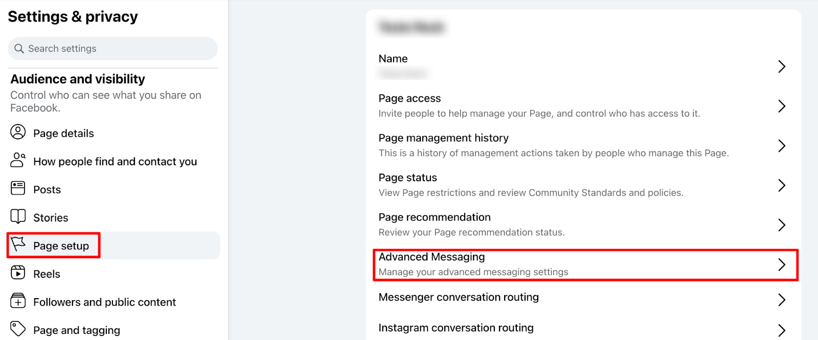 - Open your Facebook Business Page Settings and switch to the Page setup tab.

...

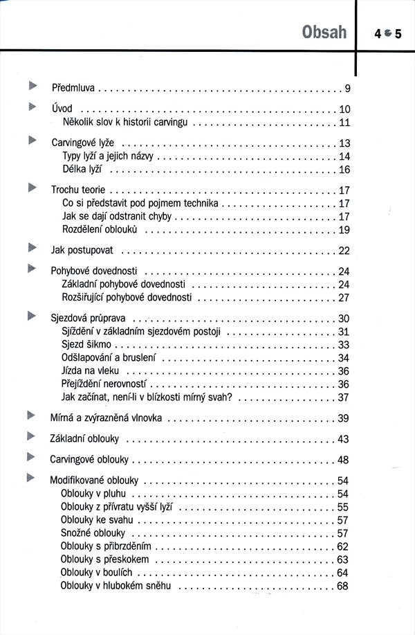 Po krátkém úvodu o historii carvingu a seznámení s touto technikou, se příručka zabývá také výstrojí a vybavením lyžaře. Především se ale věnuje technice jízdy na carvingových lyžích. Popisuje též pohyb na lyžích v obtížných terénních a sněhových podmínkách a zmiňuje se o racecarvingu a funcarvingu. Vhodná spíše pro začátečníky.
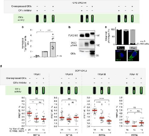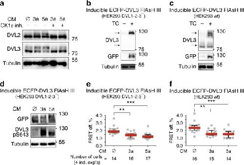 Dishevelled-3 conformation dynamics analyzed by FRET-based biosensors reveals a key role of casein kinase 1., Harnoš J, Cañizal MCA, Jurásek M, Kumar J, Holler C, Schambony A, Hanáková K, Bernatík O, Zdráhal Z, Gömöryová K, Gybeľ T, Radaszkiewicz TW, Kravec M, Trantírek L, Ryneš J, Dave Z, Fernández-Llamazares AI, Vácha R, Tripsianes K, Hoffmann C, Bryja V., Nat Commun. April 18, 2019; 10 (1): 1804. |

Task to complete:
Please print the lines above word for word, starting at the one with "Po krátkém úvodu" and ending at the one with "Dishevelled-3 conformation dynamics", both included, and without any picture.

Answer box:
 Po krátkém úvodu o historii carvingu a seznámení s touto technikou, se příručka zabývá také výstrojí a vybavením lyžaře. Především se ale věnuje technice jízdy na carvingových lyžích. Popisuje též pohyb na lyžích v obtížných terénních a sněhových podmínkách a zmiňuje se o racecarvingu a funcarvingu. Vhodná spíše pro začátečníky.
 Dishevelled-3 conformation dynamics analyzed by FRET-based biosensors reveals a key role of casein kinase 1., Harnoš J, Cañizal MCA, Jurásek M, Kumar J, Holler C, Schambony A, Hanáková K, Bernatík O, Zdráhal Z, Gömöryová K, Gybeľ T, Radaszkiewicz TW, Kravec M, Trantírek L, Ryneš J, Dave Z, Fernández-Llamazares AI, Vácha R, Tripsianes K, Hoffmann C, Bryja V., Nat Commun. April 18, 2019; 10 (1): 1804. |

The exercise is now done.